This page should cover all networking related activity in KVM, currently most info is related to virtio-net.
TODO: add bugzilla entry links.
=== projects in progress. contributions are still very wellcome!
- vhost-net scalability tuning: threading for many VMs
Plan: switch to workqueue shared by many VMs http://email@example.com/msg69868.html
Developer: Bandan Das Testing: netperf guest to guest
- multiqueue support in macvtap
multiqueue is only supported for tun. Add support for macvtap. Developer: Jason Wang
- support more queues
We limit TUN to 8 queues, but we really want 1 queue per guest CPU. The limit comes from net core, need to teach it to allocate array of pointers and not array of queues. Jason has an draft patch to use flex array. Another thing is to move the flow caches out of tun_struct. Developer: Jason Wang
- enable multiqueue by default
Multiqueue causes regression in some workloads, thus it is off by default. Detect and enable/disable automatically so we can make it on by default. This is because GSO tends to batch less when mq is enabled. https://patchwork.kernel.org/patch/2235191/ Developer: Jason Wang
- rework on flow caches
Current hlist implementation of flow caches has several limitations: 1) at worst case, linear search will be bad 2) not scale https://patchwork.kernel.org/patch/2025121/ Developer: Jason Wang
- eliminate the extra copy in virtio-net driver
We need do an extra copy of 128 bytes for every packets. This could be eliminated for small packets by: 1) use build_skb() and head frag 2) bigger vnet header length ( >= NET_SKB_PAD + NET_IP_ALIGN ) Or use a dedicated queue for small packet receiving ? (reordering) Developer: Jason Wang
- make pktgen works for virtio-net ( or partially orphan )

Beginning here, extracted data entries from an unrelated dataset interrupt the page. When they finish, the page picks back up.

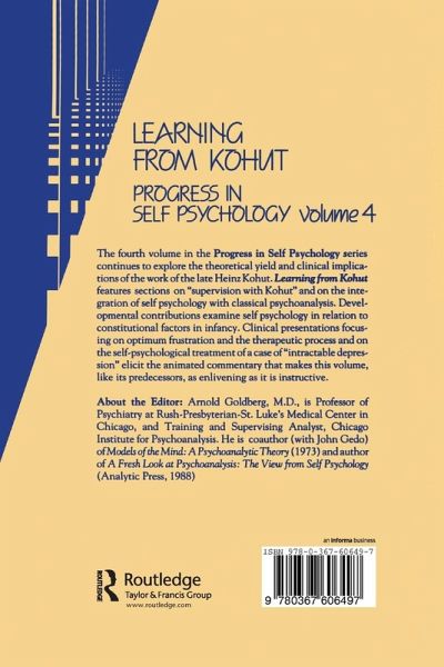 Volume 4 features sections on supervision with Kohut (R. Galatzer-Levy, S. Meyers) and on the integration of self psychology with classical psychoanalysis (R. Stolorow, M. & E. Shane. Developmental contributions examine self psychology in relation to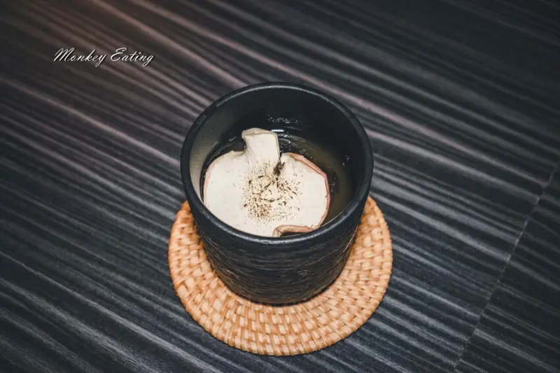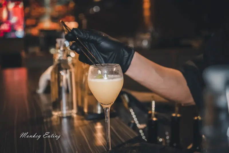 這杯調酒看似簡單,喝起來酒韻很深厚,上面是炙烤過的蘋果乾,整體喝起來給人一種優雅且沉穩的感覺。
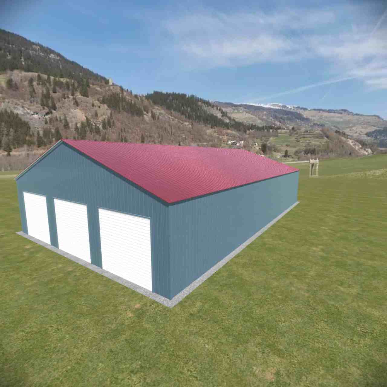36 wide metal building with 16′ legs and 3 14×14 garage doors with optional deluxe two-tone.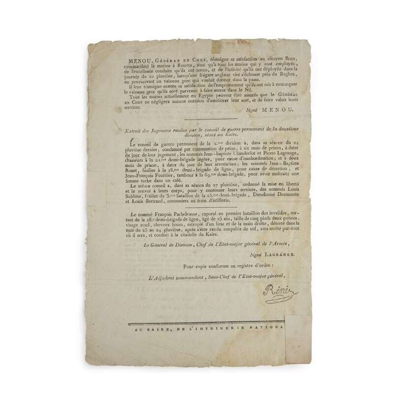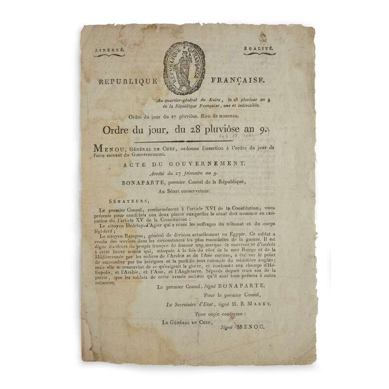 Cairo: L’Imprimerie Nationa[le], February 17, 1801. 2pp. Order du Jour, du 28 pluviose an 9., with the letterpress signature of Bonaparte as Le premier Consul. Some dampstaining and soiling, occasional creasing, chipping along edges, repair to bottom verso.
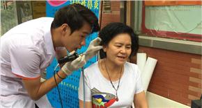 义诊活动现场:社区居民正在接受耳内窥镜检查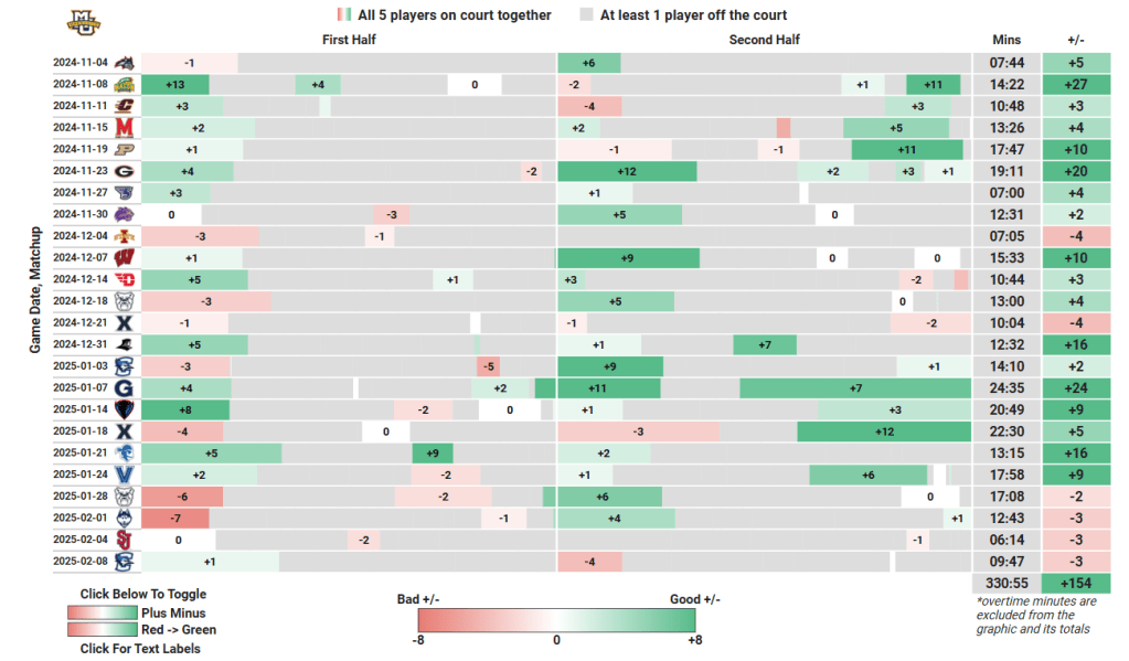 It’s risky to rely on Net Rating data over a small sample, as a few makes here or there makes a drastic difference, but that caveat aside, Parham and Lowery have combined for 196 possessions over the last 5 games, and Marquette is playing like a top-15 team in that time frame with one or both on, compared to a sub-140 team when neither of them are in.

virtio-net orphan the skb during tx, which will makes pktgen wait for ever to the refcnt. Jason's idea: introduce a flat to tell pktgen not for wait Discussion here: https://patchwork.kernel.org/patch/1800711/ MST's idea: add a .ndo_tx_polling not only for pktgen Developer: Jason Wang
- Add HW_VLAN_TX support for tap
Eliminate the extra data moving for tagged packets Developer: Jason Wang
- Announce self by guest driver
Send gARP by guest driver. Guest part is finished. Qemu is ongoing. V7 patches is here: http://lists.nongnu.org/archive/html/qemu-devel/2013-03/msg01127.html Developer: Jason Wang
- guest programmable mac/vlan filtering with macvtap
Developer: Amos Kong qemu: https://bugzilla.redhat.com/show_bug.cgi?id=848203 libvirt: https://bugzilla.redhat.com/show_bug.cgi?id=848199 https://git.kernel.org/cgit/virt/kvm/mst/qemu.git/patch/?id=1c0fa6b709d02fe4f98d4ce7b55a6cc3c925791c Status: GuestProgrammableMacVlanFiltering
- bridge without promisc mode in NIC
given hardware support, teach bridge to program mac/vlan filtering in NIC Helps performance and security on noisy LANs http://comments.gmane.org/gmane.linux.network/266546 Developer: Vlad Yasevich
- reduce networking latency:
allow handling short packets from softirq or VCPU context Plan: We are going through the scheduler 3 times (could be up to 5 if softirqd is involved) Consider RX: host irq -> io thread -> VCPU thread -> guest irq -> guest thread. This adds a lot of latency. We can cut it by some 1.5x if we do a bit of work either in the VCPU or softirq context. Testing: netperf TCP RR - should be improved drastically netperf TCP STREAM guest to host - no regression Developer: MST
- Flexible buffers: put virtio header inline with packet data
https://patchwork.kernel.org/patch/1540471/ Developer: MST
- device failover to allow migration with assigned devices
https://fedoraproject.org/wiki/Features/Virt_Device_Failover Developer: Gal Hammer, Cole Robinson, Laine Stump, MST
- Reuse vringh code for better maintainability
Developer: Rusty Russell
- Improve stats, make them more helpful for per analysis
Developer: Sriram Narasimhan
- Bug: e1000 & rtl8139: Change macaddr in guest, but not update to qemu (info network)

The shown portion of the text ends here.